Anova is telling us that adding team as whole does not improve the model fit significantly. But according to the lm model we see that team2 seems relevant.
We may explore that:

```{r}

gun.data$team2=(gun.data$team==2)
lm.obj = lm(rounds~method*phys*team2, data=gun.data)
summary(lm.obj)
anova(lm.obj)


```
Now the model finds also relevant the phys variable and the interaction phys:team2. Now the adjusted Rsquared is better because we got almost the same goodness of fit and we reduced the effective number of parameters.

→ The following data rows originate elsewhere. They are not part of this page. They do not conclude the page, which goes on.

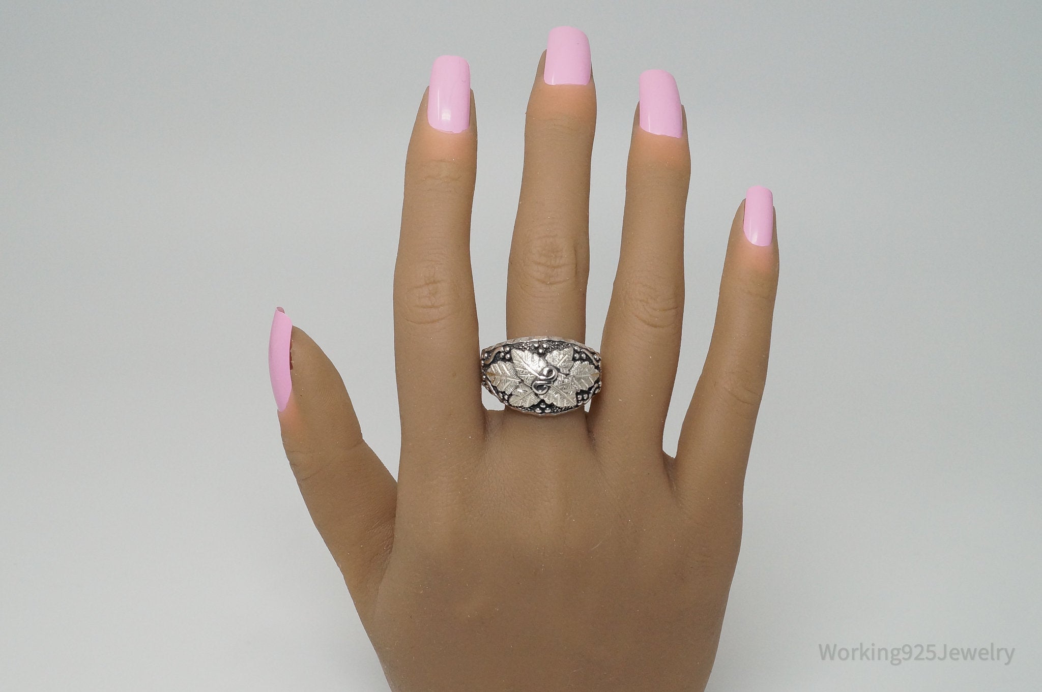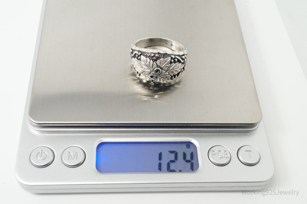 Antique Designer WM Co Grape Vine Sterling Silver Ring - Size 12
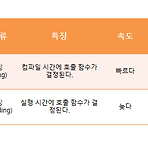 * 동적 바인딩 함수 호출을 실제 함수의 몸체와 연결하는 것을 바인딩(binding)이라고 한다. 바인딩에는 정적 바인딩과 동적 바인딩이 존재한다. 컴파일 단계에서 모든 바인딩이 완료되는 것을 정적 바인딩(static binding)이라고 한다. 반대로 바인딩이 실행 시까지 연기되고 실행 시간에 실제 호출되는 함수를 결정하는 것을 동적 바인딩(dynamic binding)이라 한다. 동적 바인딩을 사용하면 객체 지향의 중요한 특징 중 하나인 다형성을 구현할 수 있다. 즉 객체에 메시지를 보내면 객체가 메시지를 해석해서 가장 적절한 동작을 하게 된다. c++에서 가상 함수가 아니면 모든 함수가 정적 바인딩으로 호출된다. 정적 바인딩은 호출 속도가 빠르지만 호출 함수가 컴파일 단계에서 항상 결정되므로 유연성..
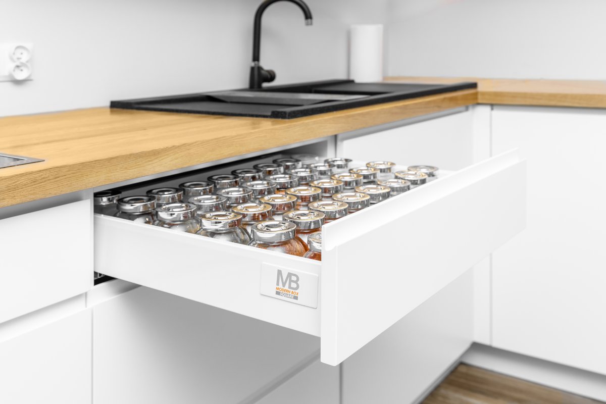 - cichy domyk – mechanizm nie pozwala na głośne zamknięcie szuflady, zostaje ona cicho domknięta;
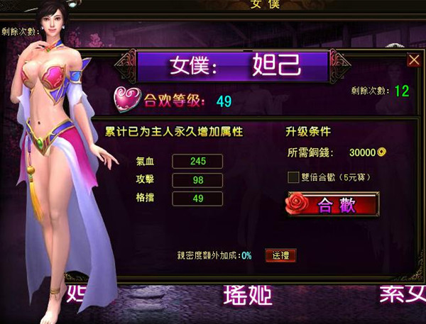 玩家完成指定劇情後可獲得第一位女僕妲己,從此每日可有美豔的女僕伺候,更可與女僕進行合歡,永久增加屬性,提高戰力。這樣美好而讓人充滿幻想的待遇,大家是不是很心動呢?
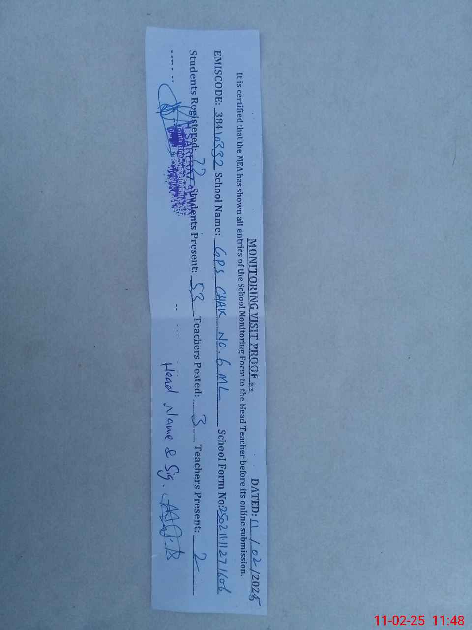 | EMIS Code: 38410332 | Name of School: GPS CHAK NO.6 ML | |||
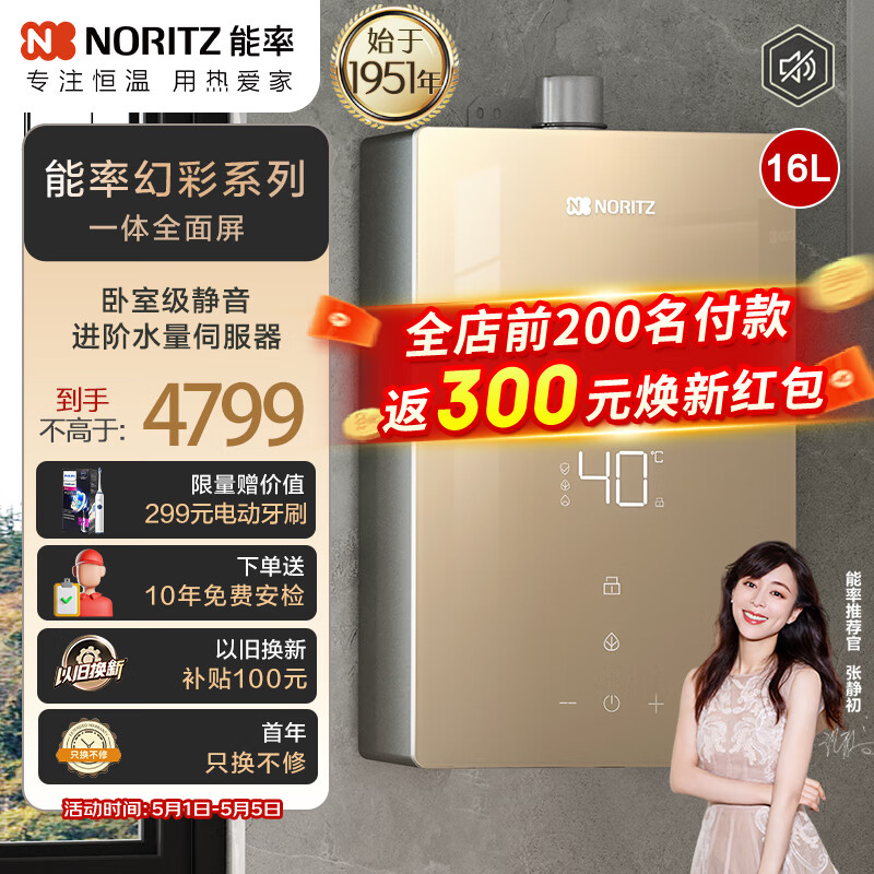 能率(NORITZ)16升燃气热水器天然气 玻璃屏 增压水伺服 一键节能 速热静音GQ-16EP5AFEX(JSQ31-EP5A)防冻价格:4799.00元!
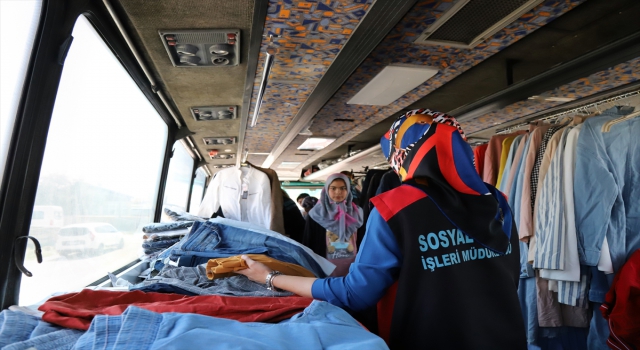 AKSARAY (AA) ZEKERİYA KARADAVUT Aksaray Belediyesinin "Sosyal Mağaza Otobüsü" Kurban Bayramı öncesinde mahalle ve köylerde çocuklar başta olmak üzere her yaştan vatandaşa giysi desteğinden saç kesimine kadar her türlü imkanı sağlıyor.
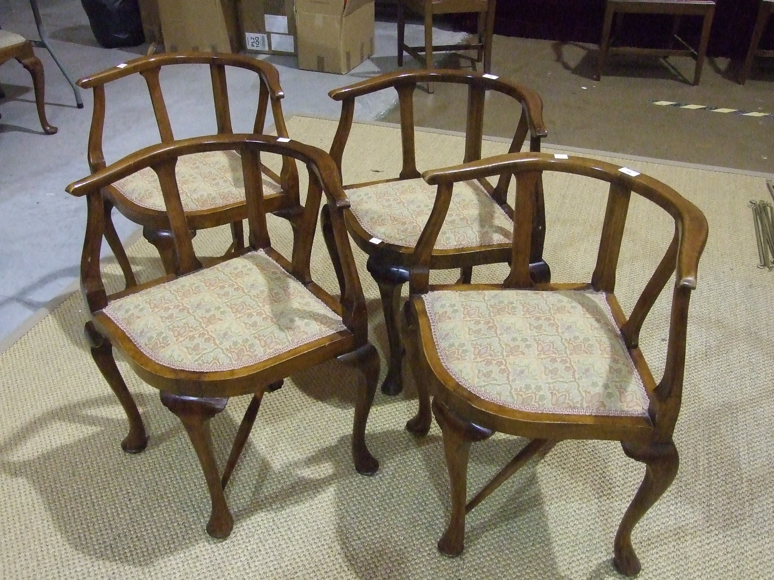 A set of four mahogany corner chairs with upholstered seats, on cabriole legs, (4).
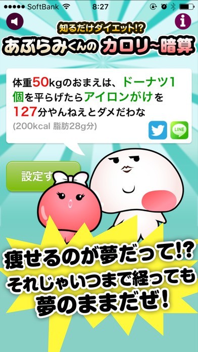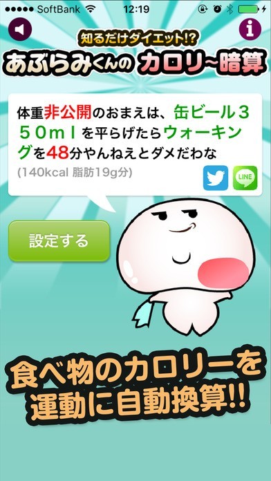 「あぶらみくん」が食べ物のカロリーを運動量に換算して、ダイエット中のみんなを教育してくれます。
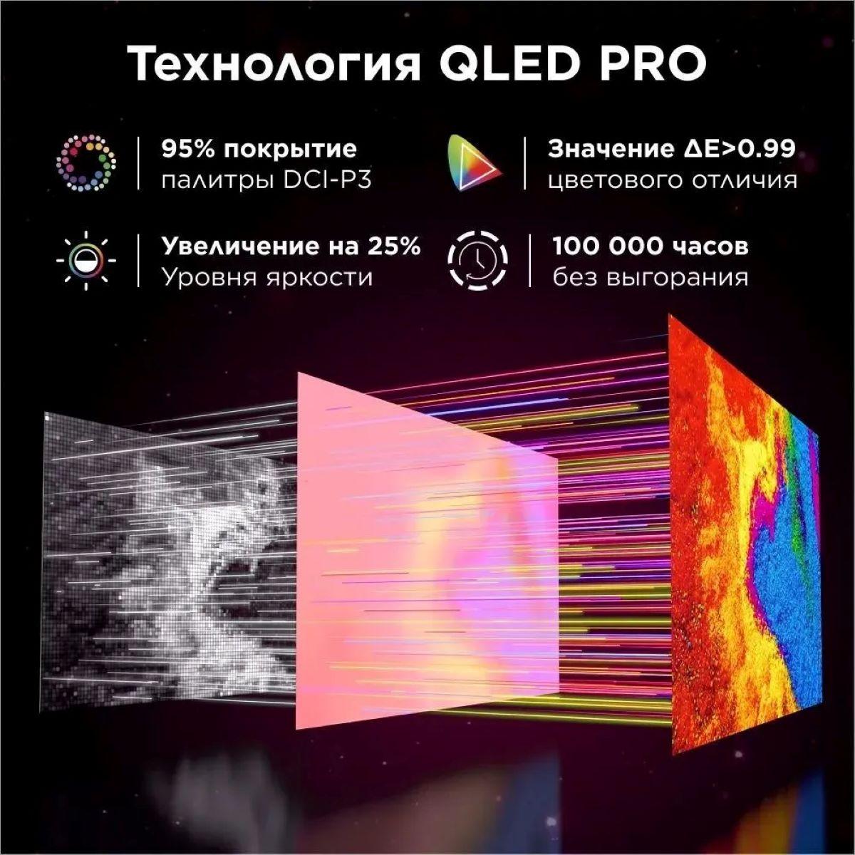 Телевизор имеет большую диагональ 65 дюймов (165 см), которая подойдет для просмотра с расстояния 2,5-5 метров. Высокое разрешение 4K Ultra HD (3840x2160 пикселей) обеспечивает четкость и детализацию изображения. Матрица QLED предлагает отличную контрастность 6000:1 и высокую пиковую яркость 450 кд/м2, что обеспечивает насыщенность цветов. Полный угол обзора 178° исключает искажение при боковом просмотре.
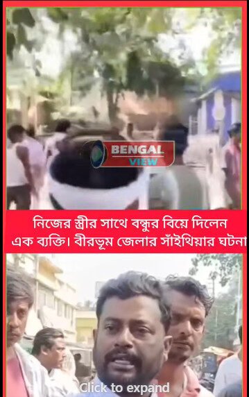 Opinion / Editorialস্ত্রীর প্রেমিকের সাথে বিয়ে দিলেন স্বামী নিজেই বীরভূম জেলার সাঁইথিয়ার ঘটনা। bengal View2 months ago01 mins Post navigation Previous: বিজেপি এমন একটা বিরোধীদল যার কোন লোক নেই বক্তা কল্যাণ ব্যানার্জি।Next: মুকুল রায়ের বিধায়ক পদ খারিজ করল হাই কোর্ট, শুভেন্দু বললেন, ‘ঐতিহাসিক সিদ্ধান্ত’ Leave a Reply Cancel replyYou must be logged in to post a comment.
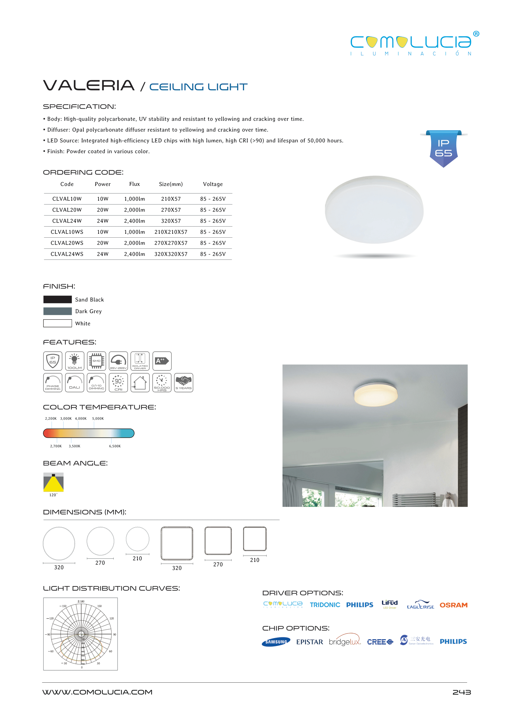 - LED Source: Integrated high-efficiency LED chips with high lumen, high CRI (>90) and lifespan of 50,000 hours.

Just so that we understand anova better in this context:

```{r}

lm.obj = lm(rounds~method+phys+team, data=gun.data)
anova(lm.obj)
lm.obj2= lm(rounds~method+team, data=gun.data)
anova(lm.obj,lm.obj2)

```


##Exercise 12.b

For the data in R-exercise 12 on the gun data we could be interested in predicting the rounds given specified levels of method, physique and team
and find confidence interval for estimated expected values as well as prediction intervals for new observations given the levels of these factors.


```{r}

# a) Set up a data frame for values where you would like to make predictions, e.g.
gun.test=data.frame(method=factor(c(1,2,1,2)),
                    phys=factor(c(1,1,2,3)),
                    team=factor(c(1,2,3,1)))

# Then find fitted/predicted values for your favourite model gfitfav from R-exercise 12 by
predict(lm.obj, newdata=gun.test)


# b) Then obtain confidence intervals for the expected values at this levels of the factors by
predict(lm.obj, newdata=gun.test, interval="confidence")


# c) Next find the corresponding prediction intervals by
predict(lm.obj, newdata=gun.test, interval="prediction")


```

Compare and discuss the difference between the confidence and prediction intervals. Check slides from 34 to 37.